USS Yarrow (SP-1010) was a United States Navy patrol vessel in commission from 1917 to 1919.

Yarrow was built in 1913 as a private wooden-hulled motorboat of the same name by Kargard at Chicago, Illinois. In 1917, the U.S. Navy acquired Yarrow from her owner, K. D. Clark, for use as a section patrol boat during World War I. She was commissioned on 27 July 1917 as USS Yarrow (SP-1010) and the Navy formally acquired her from Clark under a free lease on 27 August 1917.

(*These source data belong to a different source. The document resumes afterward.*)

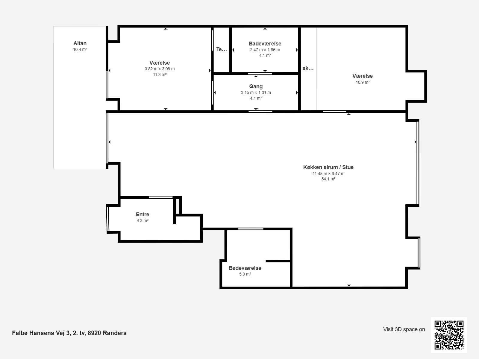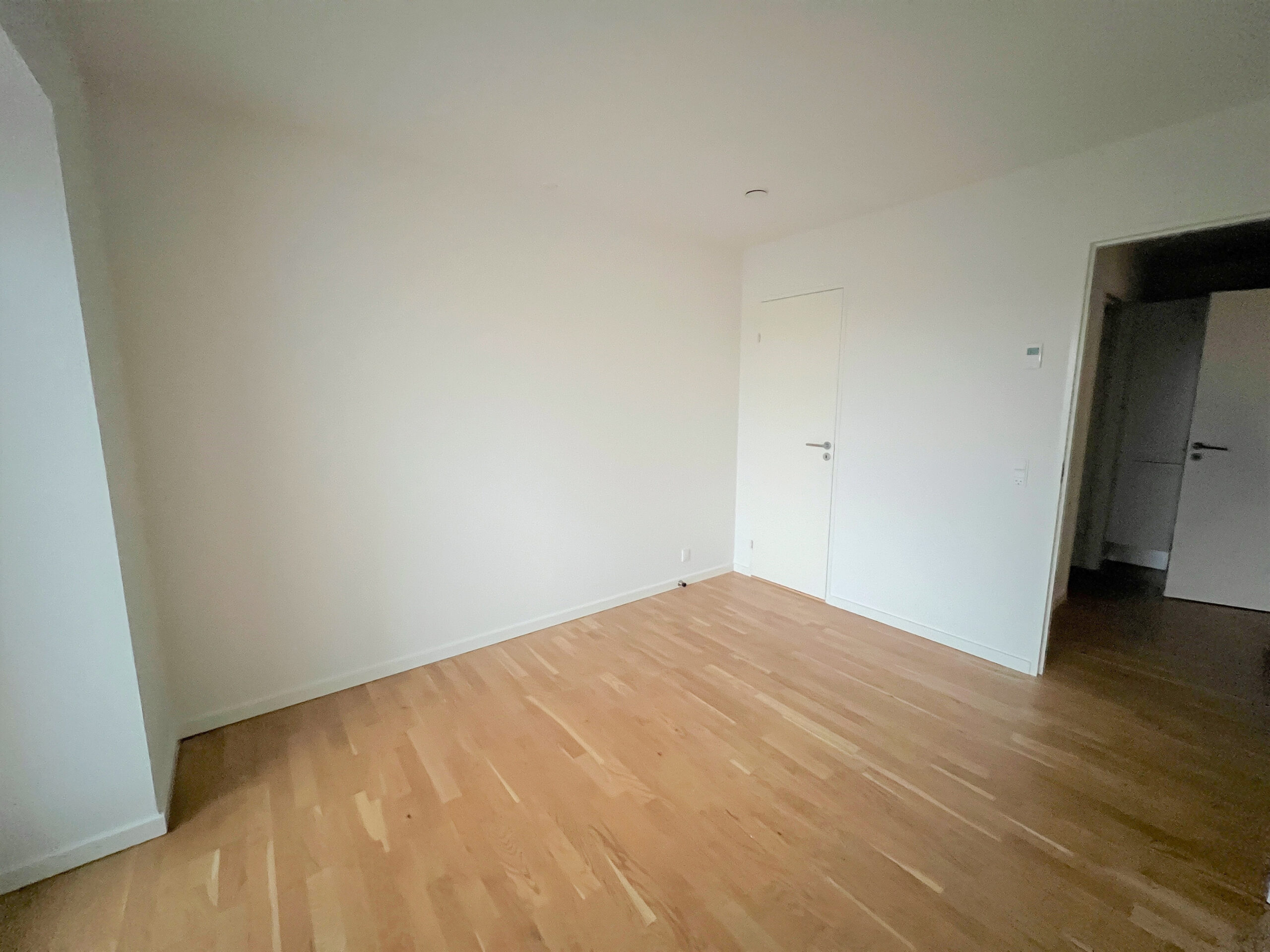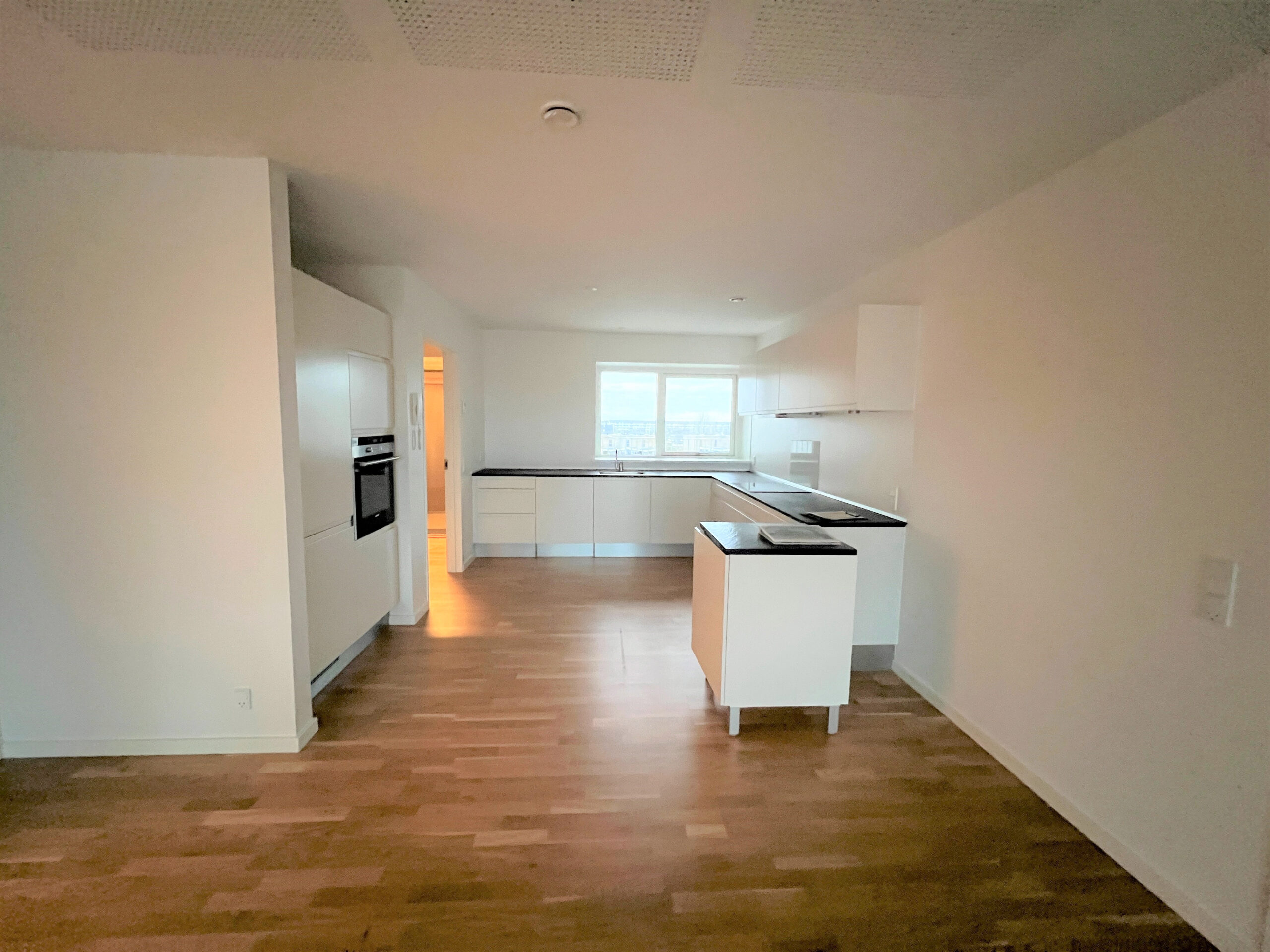 Lejligheden har et flot, moderne køkken med hvide elementer og alle nødvendige hårde hvidevarer. Køkkenet ligger i åben forbindelse med det store køkken-alrum, hvor der er rigelig plads til både spisebord og sofagruppe – perfekt til hyggelige middage eller afslapning i hverdagen.
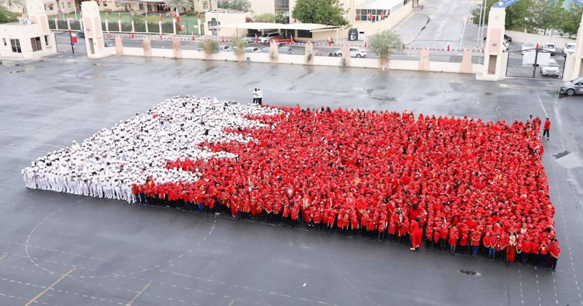 പ്രൈമറി, കിന്റര്ഗാര്ട്ടന് വിഭാഗങ്ങളില് നിന്നുള്ള 3,700 വിദ്യാര്ത്ഥികള് ബഹ്റൈന് ദേശീയ പതാകയുടെ മനുഷ്യ ചിത്രീകരണത്തില് പങ്കെടുത്തു. ഇത് ഐക്യം, ദേശീയ അഭിമാനം, രാജ്യത്തോടുള്ള ആദരവ് എന്നിവയെ പ്രതീകപ്പെടുത്തുകയും സ്കൂളിന്റെ പ്ലാറ്റിനം ജൂബിലി ആഘോഷങ്ങള്ക്ക് തിളക്കം നല്കുകയും ചെയ്തു. ആഷാത്-അല് ബഹ്റൈന്, വി ലവ് ബഹ്റൈന്, ഹമാര ബഹ്റൈന് മഹാന് എന്നിവയായിരുന്നു മുദ്രാവാക്യങ്ങള്.
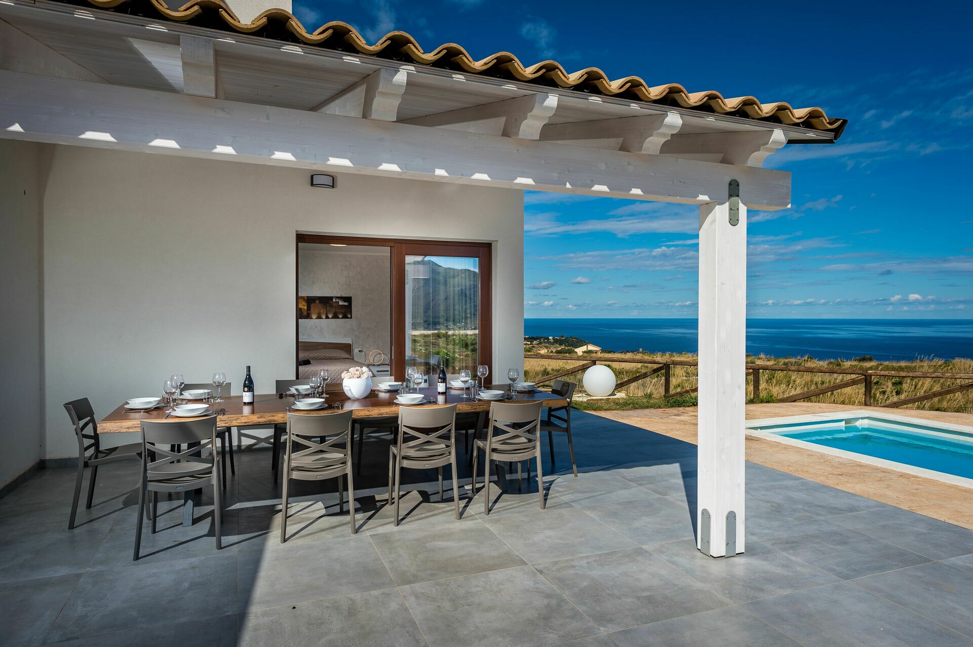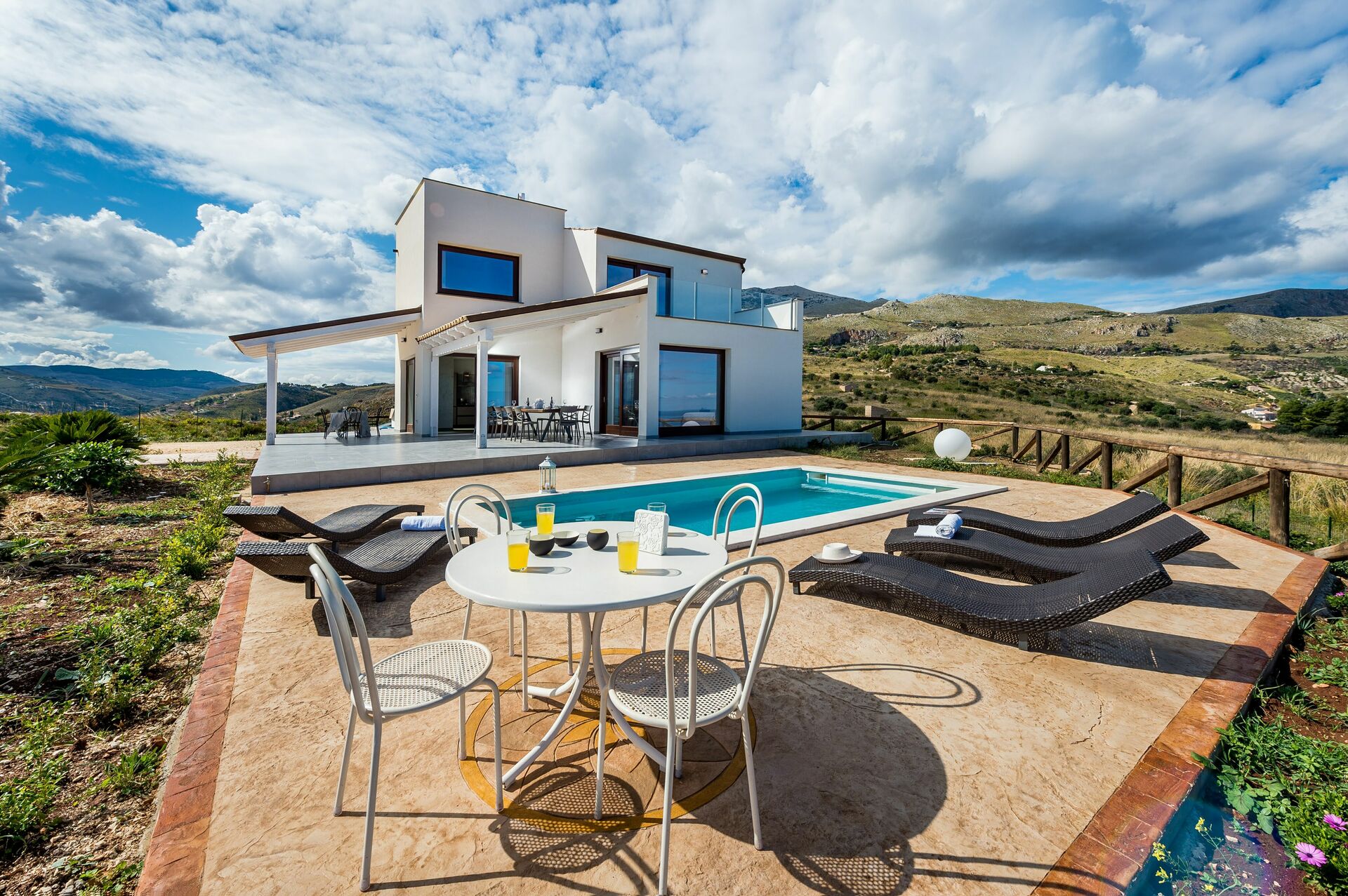 Moderne Villa zur Miete mit privatem Pool und 4 Schlafzimmern in Sizilien, nur 6 km vom wunderschönen Dorf Scopello entfernt, das auf der ganzen Welt für seine alte "Tonnara" (eine traditionelle Art, Thunfisch zu fangen) bekannt ist.

Assigned to the 9th Naval District, Yarrow patrolled the waters of Lake Michigan for the rest of the 1917 Great Lakes shipping season. After being laid up for the winter of 1917-1918 while the lakes were frozen over, she resumed her patrol duties in the spring of 1918 and continued them through the end of the 1918 shipping season late in the year. 
 
The Navy returned Yarrow to Clark on 7 March 1919 and she was stricken from the Navy List the same day.

Notes

References

Department of the Navy Naval History and Heritage Command Online Library of Selected Images: U.S. Navy Ships: USS Yarrow (SP-1010), 1917-1919. Previously the civilian motor boat Yarrow (1913)
NavSource Online: Section Patrol Craft Photo Archive Yarrow (SP 1010)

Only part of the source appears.